● AIM OF THE TASK
Leave out the pictures, and reproduce exactly the lines from the line containing "中国文情报告(2014版2013-2014)/文学蓝皮书" through the final line of the entries.

--------------------------------------------------

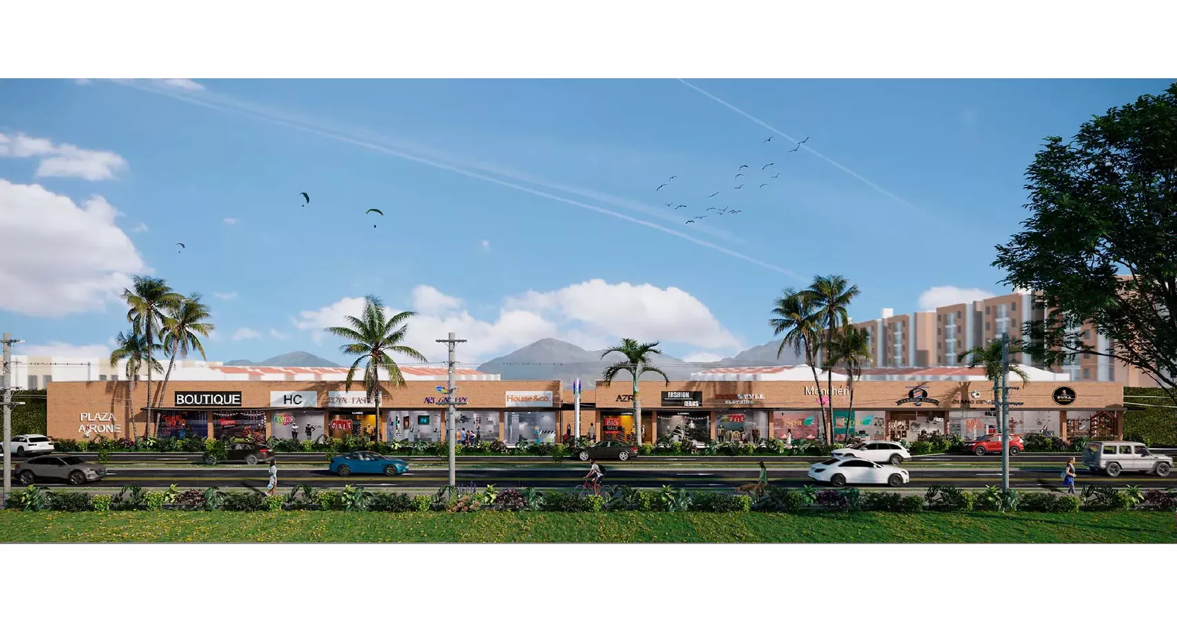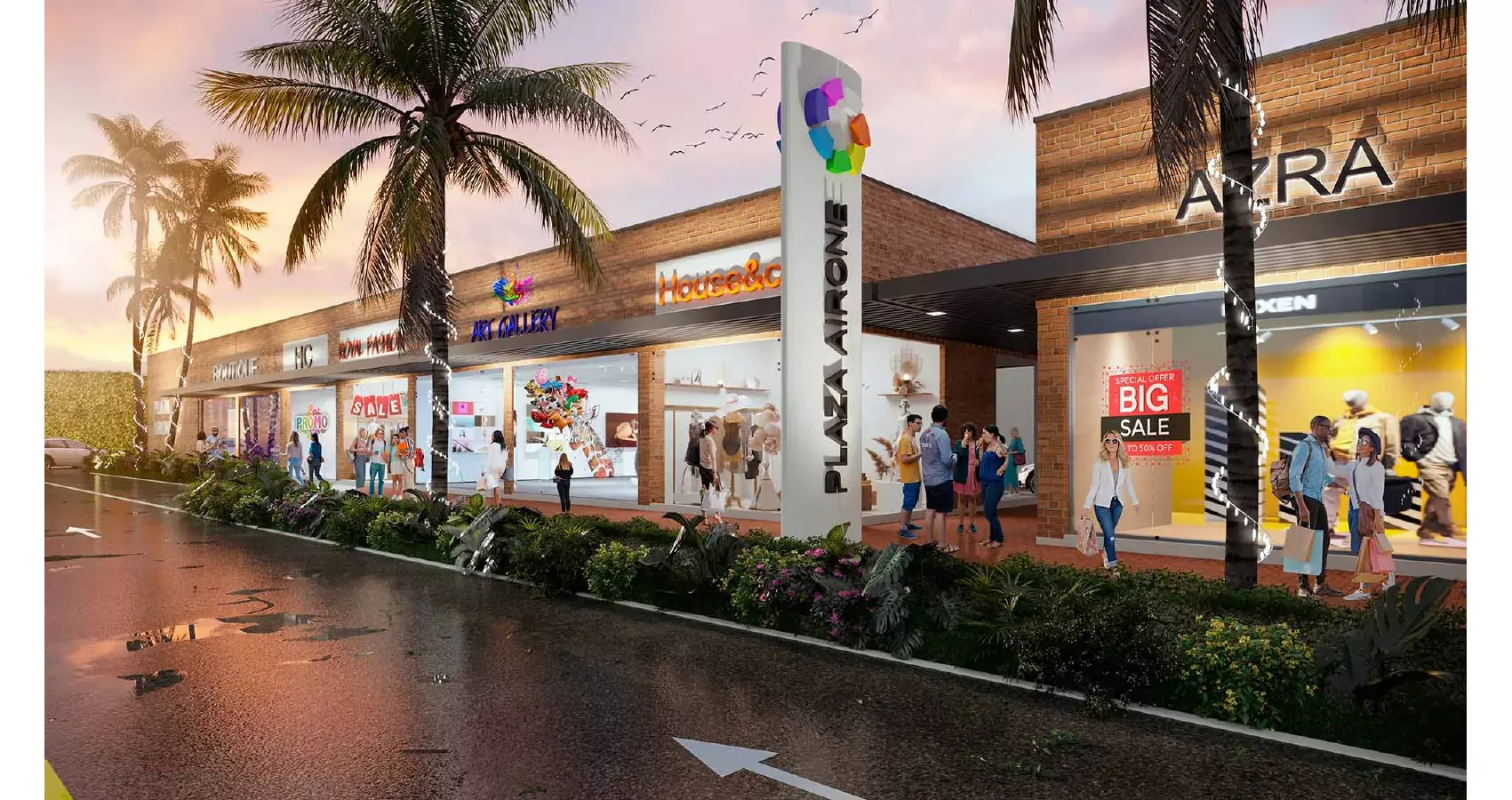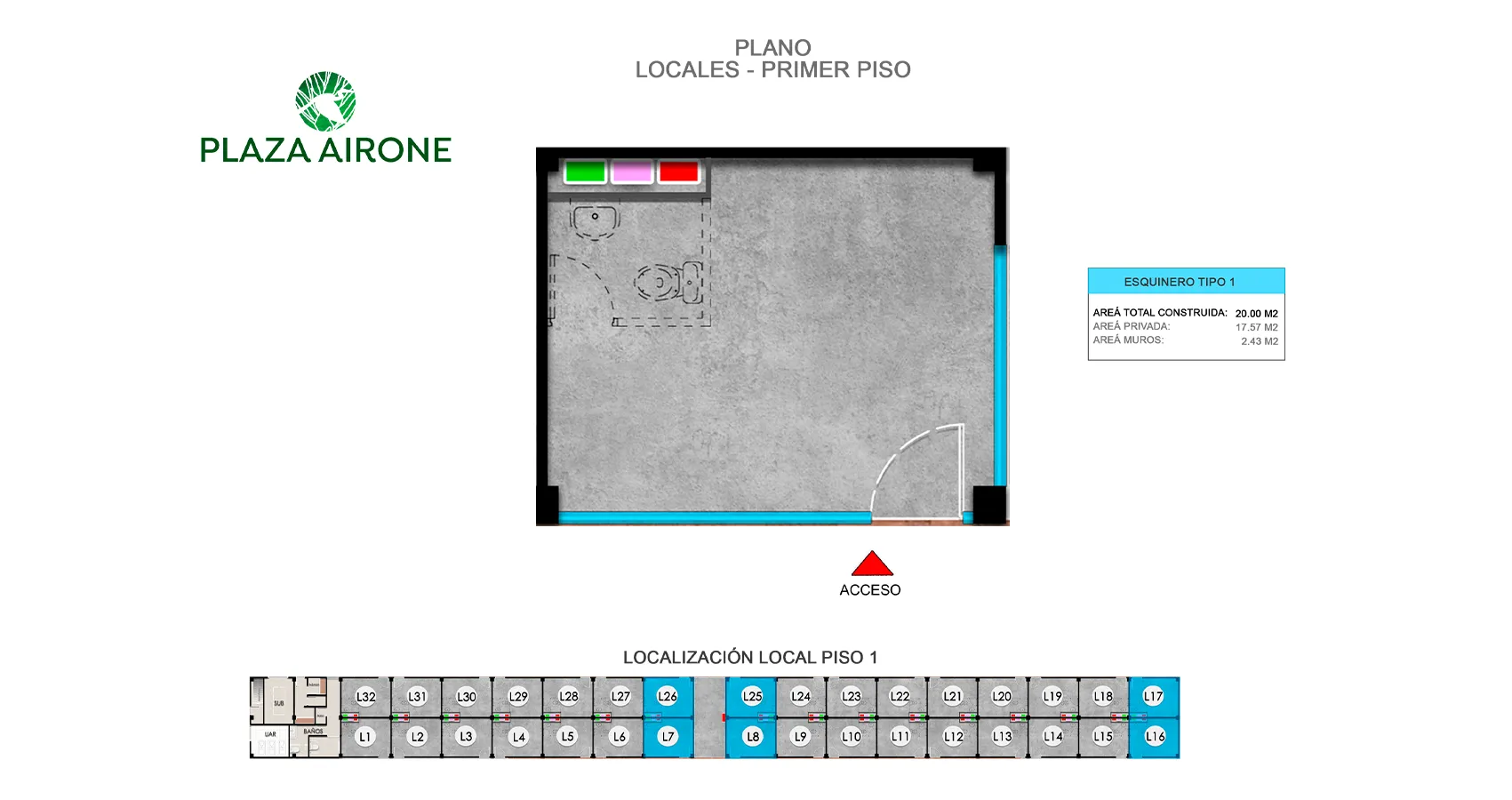 PLAZA AIRONE, Es un proyecto de locales comerciales en urbanismo abierto, en un piso de altura, el cual se desarrolla en un predio de 2098,56 m2 aproximadamente. Está conformado por 32 locales comerciales con áreas desde los 20 m2 construidos, administración, baños de hombres, mujeres y PMR, zona de descargue, UAR, planta de emergencia (respaldo de zonas comunes) y cuarto de seguridad.
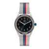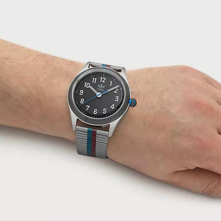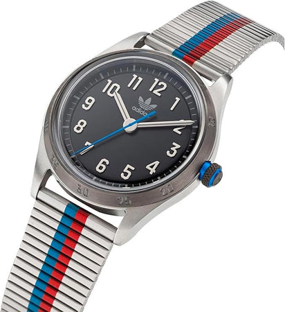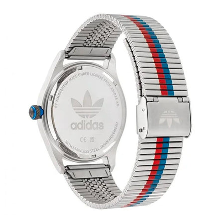 Orologio ADIDAS uomo collezione CODE FOUR con bracciale in acciaio con inserto rosso e blu, cassa in acciaio 42 mm, quadrante nero. Movimento al quarzo. Resistenza all'acqua 50 metri
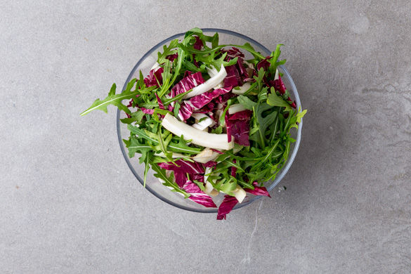 Den Rucola nach Wunsch grob hacken. Den Radicchio vom Strunk befreien, vierteln und in dünne Streifen schneiden. Dann Rucola und Radicchio mit dem Fenchelsalat mischen.
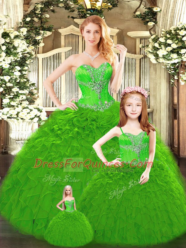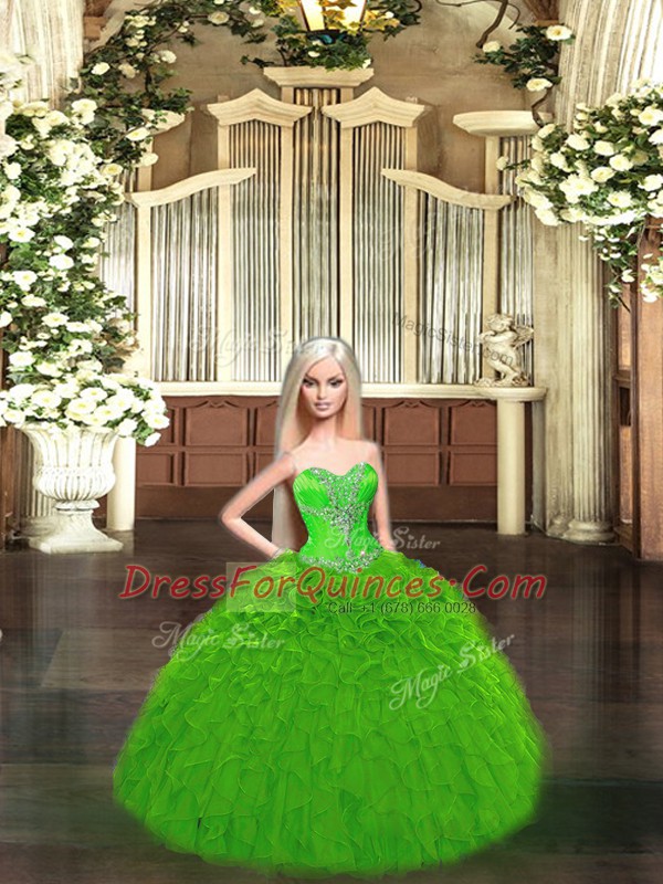 Hot Selling Floor Length Green Sweet 16 Quinceanera Dress Tulle Sleeveless Beading and Ruffles
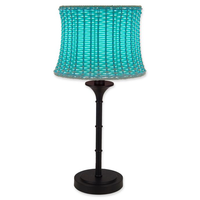 Outdoor Indoor Table Lamp In Brown With Basketweave Shade In Sky
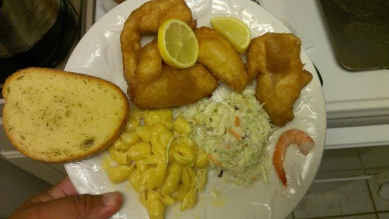 Beer battered red fish no one comented on it, I happened to batter some fish that way the other day and i hadnt done it that way in years.
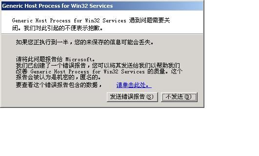 就出Generic Host Process for Win32 Services 出错,要发送错误报告,但是,选不发送后,他自己就关了,关了之后,问题来了
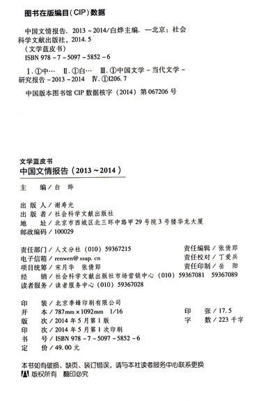 中国文情报告(2014版2013-2014)/文学蓝皮书
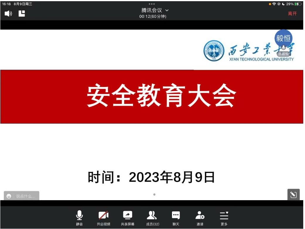 目前正值暑期,自然灾害频发、新型互联网诈骗手段层出不穷,为进一步加强大学生校内外人身财产安全意识,8月9-10日亚洲国产精品无码观看久久对全体学生开展了防汛防溺水、反电信诈骗与自身财产及出行安全线上教育培训,使同学们敲响了安全的警钟,增强自我安全防范技能,共同构建平安和谐校园!

--------------------------------------------------

● TASK RESPONSE
 中国文情报告(2014版2013-2014)/文学蓝皮书
 目前正值暑期,自然灾害频发、新型互联网诈骗手段层出不穷,为进一步加强大学生校内外人身财产安全意识,8月9-10日亚洲国产精品无码观看久久对全体学生开展了防汛防溺水、反电信诈骗与自身财产及出行安全线上教育培训,使同学们敲响了安全的警钟,增强自我安全防范技能,共同构建平安和谐校园!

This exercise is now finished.